Anthropic and OpenAI are hiring GTM roles
Anthropic and OpenAI are each filling go-to-market roles faster than any other department. Here's what the hiring data shows.

We pulled open-role data from Anthropic and OpenAI's current job boards to see where each company is concentrating its hiring. The answer runs counter to everything the AI-replaces-sales narrative assumes.
Anthropic and OpenAI are each hiring go-to-market roles faster than any other department. At OpenAI, roughly one in five open roles sits across sales, partnerships, and revenue functions. At Anthropic, sales accounts for approximately 20% of all open positions. These are the two strongest product organizations in AI, and their hiring pattern confirms that strong product does not solve the distribution problem.
The hiring data
Anthropic shows the pattern clearly. Sales represents roughly 20% of all open roles, more than engineering, safety research, or any other department. For a company that built its public identity around responsible AI and frontier research, the commercial staffing mix is a deliberate shift in emphasis.
OpenAI is reportedly planning to nearly double its headcount this year, growing from roughly 4,500 employees toward 8,000. A significant portion of that growth is customer-facing, with enterprise account executives among the most aggressively recruited positions. A company walking into public markets at that scale needs revenue infrastructure, not just research credentials.
On June 1, Anthropic filed confidentially for a U.S. IPO, days after a $65 billion funding round pushed its valuation toward $965 billion. Both companies are building the full enterprise stack alongside active frontier research: account executives, partnerships, revenue operations, customer success, and field marketing.
What this means for operators
Strong product does not solve weak distribution. These two companies have the most defensible AI products on the market and still need a full GTM team to move enterprise deals.
That logic holds at every scale. The operators we see generating the most inbound from LinkedIn are not the ones with the strongest credentials or the most sophisticated offering. They are the ones who have invested in their distribution surface consistently, while their competitors assume the work will speak for itself.
If Anthropic, with $65 billion in fresh funding and a genuinely state-of-the-art model, still needs 20% of its hiring in sales, no one is exempt from the distribution problem.
LinkedIn is where most enterprise buyers are spending professional attention. The operators showing up consistently in the right comment sections, building relationships with the right audiences, and generating inbound from that activity are building something that compounds. We have written about LinkedIn inbound signals and what separates profiles generating conversations from those generating only impressions. The pattern holds across the accounts we audit: distribution is deliberate work, not a byproduct of being good at your job.
Anthropic and OpenAI are allocating headcount to distribution at the same rate they allocate it to research. The question for operators is whether they are applying the same logic to their own time. A single founder building pipeline through LinkedIn faces the same mechanic. Distribution compounds only if it is treated as deliberate work.

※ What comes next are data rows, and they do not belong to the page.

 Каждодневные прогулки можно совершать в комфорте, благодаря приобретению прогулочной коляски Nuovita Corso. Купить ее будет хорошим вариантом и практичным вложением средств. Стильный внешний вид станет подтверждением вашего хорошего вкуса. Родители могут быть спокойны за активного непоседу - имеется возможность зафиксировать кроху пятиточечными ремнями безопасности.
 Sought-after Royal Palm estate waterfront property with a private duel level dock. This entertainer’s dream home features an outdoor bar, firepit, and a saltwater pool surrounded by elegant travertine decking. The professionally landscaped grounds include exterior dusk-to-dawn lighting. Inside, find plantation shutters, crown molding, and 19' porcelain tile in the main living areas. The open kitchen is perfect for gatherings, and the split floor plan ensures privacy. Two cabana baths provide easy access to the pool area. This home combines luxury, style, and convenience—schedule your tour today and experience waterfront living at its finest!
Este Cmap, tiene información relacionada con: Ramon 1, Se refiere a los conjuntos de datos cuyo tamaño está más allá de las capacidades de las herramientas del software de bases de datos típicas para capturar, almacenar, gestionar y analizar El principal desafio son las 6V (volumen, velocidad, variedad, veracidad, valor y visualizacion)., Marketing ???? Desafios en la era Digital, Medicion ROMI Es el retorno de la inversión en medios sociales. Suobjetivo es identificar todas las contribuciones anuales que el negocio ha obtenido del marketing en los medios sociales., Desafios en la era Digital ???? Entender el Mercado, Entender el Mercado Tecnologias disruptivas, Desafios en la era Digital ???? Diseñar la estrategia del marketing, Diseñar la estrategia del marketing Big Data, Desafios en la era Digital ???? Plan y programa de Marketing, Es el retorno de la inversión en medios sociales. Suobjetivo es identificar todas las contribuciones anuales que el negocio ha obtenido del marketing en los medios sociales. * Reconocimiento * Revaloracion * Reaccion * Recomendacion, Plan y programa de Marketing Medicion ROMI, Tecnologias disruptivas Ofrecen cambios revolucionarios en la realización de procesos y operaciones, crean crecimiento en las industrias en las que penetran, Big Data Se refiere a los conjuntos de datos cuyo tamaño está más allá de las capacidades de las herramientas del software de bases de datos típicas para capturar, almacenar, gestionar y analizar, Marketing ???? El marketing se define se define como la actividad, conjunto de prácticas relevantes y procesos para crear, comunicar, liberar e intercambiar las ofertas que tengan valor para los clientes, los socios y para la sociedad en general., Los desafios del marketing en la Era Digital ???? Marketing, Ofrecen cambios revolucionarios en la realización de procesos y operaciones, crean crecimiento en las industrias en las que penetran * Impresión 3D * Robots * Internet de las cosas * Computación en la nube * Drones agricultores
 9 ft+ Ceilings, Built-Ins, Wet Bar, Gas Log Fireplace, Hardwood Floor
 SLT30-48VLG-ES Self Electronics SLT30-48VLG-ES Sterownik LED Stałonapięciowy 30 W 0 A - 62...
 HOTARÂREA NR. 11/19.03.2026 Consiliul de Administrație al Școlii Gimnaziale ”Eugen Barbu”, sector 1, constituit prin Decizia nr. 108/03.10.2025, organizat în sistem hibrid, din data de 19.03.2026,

For context on what that looks like at the individual level, the founder-led brands LinkedIn inbound patterns we have documented show the same dynamic: the accounts generating pipeline are the ones that treat distribution as a core function, not an afterthought.
Frequently asked
Building AI that can assist in sales workflows is a different problem from actually distributing an enterprise product. Both Anthropic and OpenAI are selling to large organizations that require account executives, deal management, and relationship infrastructure regardless of how sophisticated the underlying technology is. Their hiring data shows that strong product quality does not solve the distribution problem automatically.